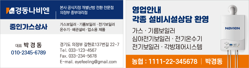경동나비엔 보일러 명함 디자인 인쇄 제작 만들기
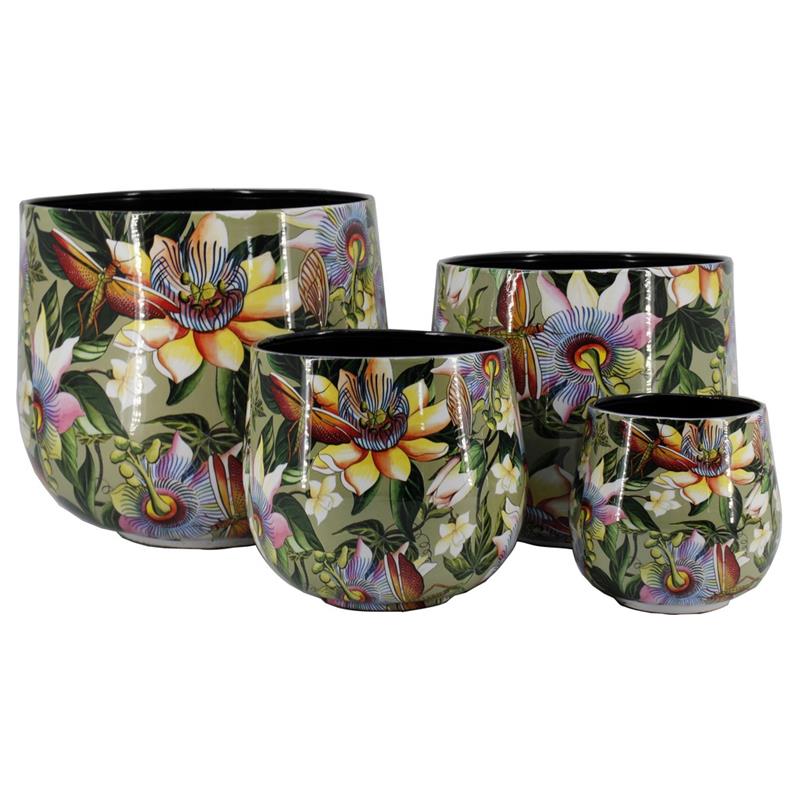 Ga je mee naar Griekenland? Of haal je de romantiek in huis met de metalen serie Corfu van Floran. De metalen series zijn in diverse maten verkrijgbaar. Met de afbeelding van prachtige tropische bloemen is dit een mooie aanvulling in elk interieur. Deze set bestaat uit potten met de volgende binnenmaten: 12cm, 19cm, 25cm en 29.5cm.
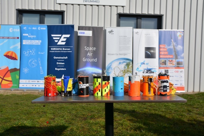Der LuO-Cansat (dritter von links) mit seinen „Konkurrenten“ aus ganz Deutschland
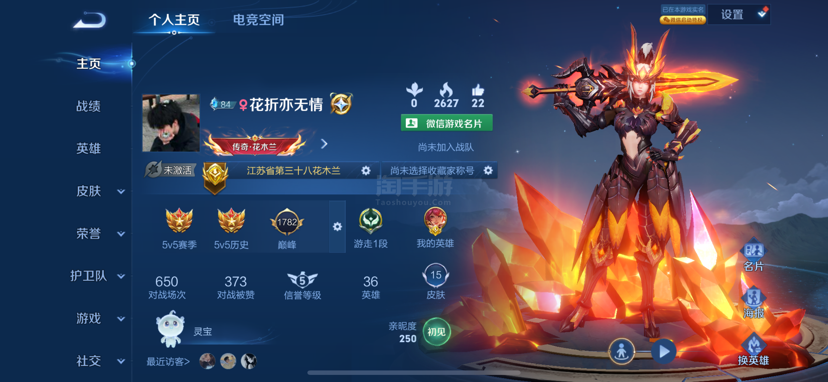 万战金标在榜花木兰 皮肤不多 百星段位
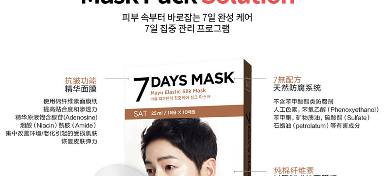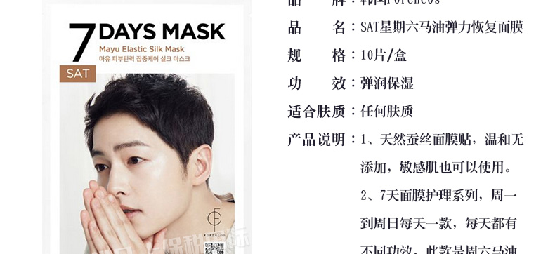 宋仲基代言韓國 Forencos 7天面膜 SAT星期六馬油彈力恢復面膜 7DAYS七天集中護理系列蠶絲面膜 周六款 10片/盒—— 1、天然蠶絲面膜貼,溫和無添加,敏感肌也可以使用。 2、7天面膜護理系列,周一到周日每天一款,每天都有不同功效,此款是周六馬油彈力面膜。 |
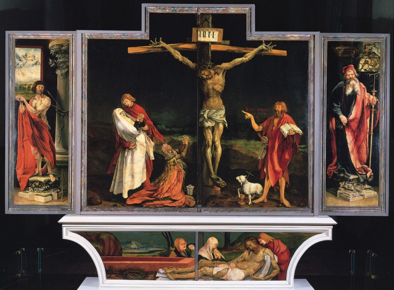 Señalando a otra persona: esto es lo que hace esa intrigante figura vestida en piel de camello en el Retablo de Isenheim (S. XVI) que se expone en Colmar, Francia. Con el brazo doblado, se yergue para señalar a otra figura colgando de una viga de madera, la piel cubierta de llagas, espinas afiladas sobre su cabeza y sin color en los labios.
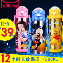 迪士尼正品儿童保温杯吸管杯两用防漏小学生宝宝大容量背带500ml
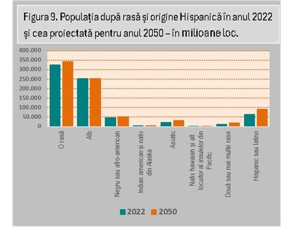 Figura 9. Populația SUA după rasă și origine Hispanică în anul 2022 și cea proiectată pentru anul 2050 – în milioane . (https://www.census.gov/data/tables/2023/demo/popproj/2023-summary-tables.html).

- _Work instruction_: Reproduce exactly, and only, the lines from the one with "Der LuO-Cansat (dritter" to the final line of the listing above; the pictures are to be left out.

- _Exercise answer_:
Der LuO-Cansat (dritter von links) mit seinen „Konkurrenten“ aus ganz Deutschland
 万战金标在榜花木兰 皮肤不多 百星段位
 宋仲基代言韓國 Forencos 7天面膜 SAT星期六馬油彈力恢復面膜 7DAYS七天集中護理系列蠶絲面膜 周六款 10片/盒—— 1、天然蠶絲面膜貼,溫和無添加,敏感肌也可以使用。 2、7天面膜護理系列,周一到周日每天一款,每天都有不同功效,此款是周六馬油彈力面膜。 |
 Señalando a otra persona: esto es lo que hace esa intrigante figura vestida en piel de camello en el Retablo de Isenheim (S. XVI) que se expone en Colmar, Francia. Con el brazo doblado, se yergue para señalar a otra figura colgando de una viga de madera, la piel cubierta de llagas, espinas afiladas sobre su cabeza y sin color en los labios.
 迪士尼正品儿童保温杯吸管杯两用防漏小学生宝宝大容量背带500ml
 Figura 9. Populația SUA după rasă și origine Hispanică în anul 2022 și cea proiectată pentru anul 2050 – în milioane . (https://www.census.gov/data/tables/2023/demo/popproj/2023-summary-tables.html).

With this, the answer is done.